Chegou a hora da punição severa contra os crimes ambientais?

Em Pelotas/RS, praticamente inexiste fiscalização ambiental pelo órgão ambiental municipal e quando raramente se aplica uma pena (como uma  multa administrativa), o COMPAM, dominado atualmente por visão liberal e desenvolvimentista, substitui a pena pecuniária por uma “educativa“, ou seja, se vale do “componente educativo, e não punitivo” e assim “sugerir ao proprietário da gleba que permita a realização de pesquisas técnicas e de atividades de educação ambiental na mata. Essas medidas visam a adesão do proprietário à preservação dessa importante mata remanescente do município de Pelotas, sem impor-lhe multas ou sanções pelo dano”. Isso tudo sem a mínima base legal.

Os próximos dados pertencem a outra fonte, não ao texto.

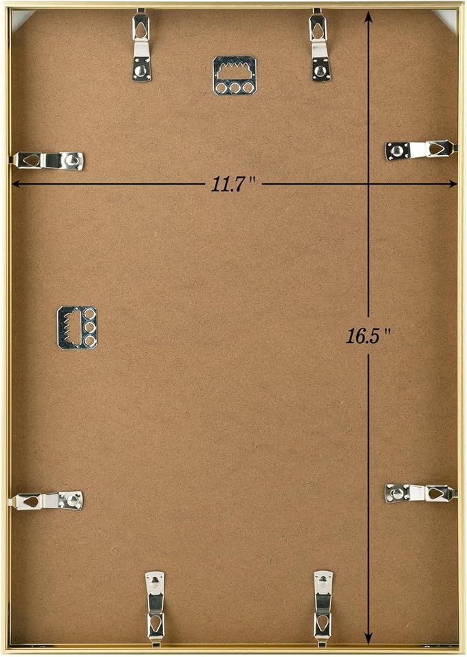 - Picture Frame: Stylish and Practical 16.5x11.7 Inch Photo Frame with Aluminum Moulding Frame and Acrylic Display Panel. (Display Size: 11.2x16; Overall Size: 12.2x17; Fits Picture Size: 11.7x16.5)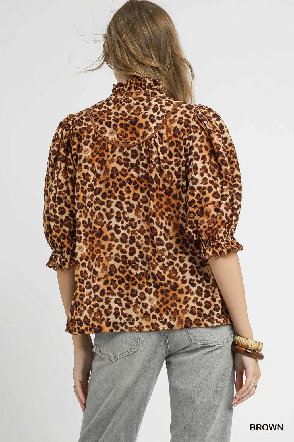Umgee Full Size Leopard Print Ruffle Neck Blouse Plus Size

Em Rio Grande/RS a fiscalização municipal se faz mais presente atualmente, mas é insuficiente para combater os ilícitos ambientais numa medida adequada.

Se a FEPAM (com escritório em Pelotas), o IBAMA (com escritório em Rio Grande), os MPs fazem valer a lei ambiental, lhes falta transparência e divulgação, pois tais ações não são publicizadas à comunidade e nem mesmo aos conselhos ambientais, salvo raras, mas raríssimas, situações (geralmente no caso em que se imprescinde desses colegiados para encaminhamentos legais de suas respectivas competências).

Até recentemente, quem agia com celeridade e acabava, mas não sem insuficiências, por fazer valer o Poder de Policia Ambiental era a Cia Ambiental da Brigada Militar. Mas a crise de gestão provocada pelo governo Sartori…

Então a Educação Ambiental, os TACs, TCAs (e genéricos) e as negociações/dialógos nos conselhos ambientais falharam? Chegou a hora da punição severa contra os crimes ambientais? Ou o desenvolvimentismo venceu?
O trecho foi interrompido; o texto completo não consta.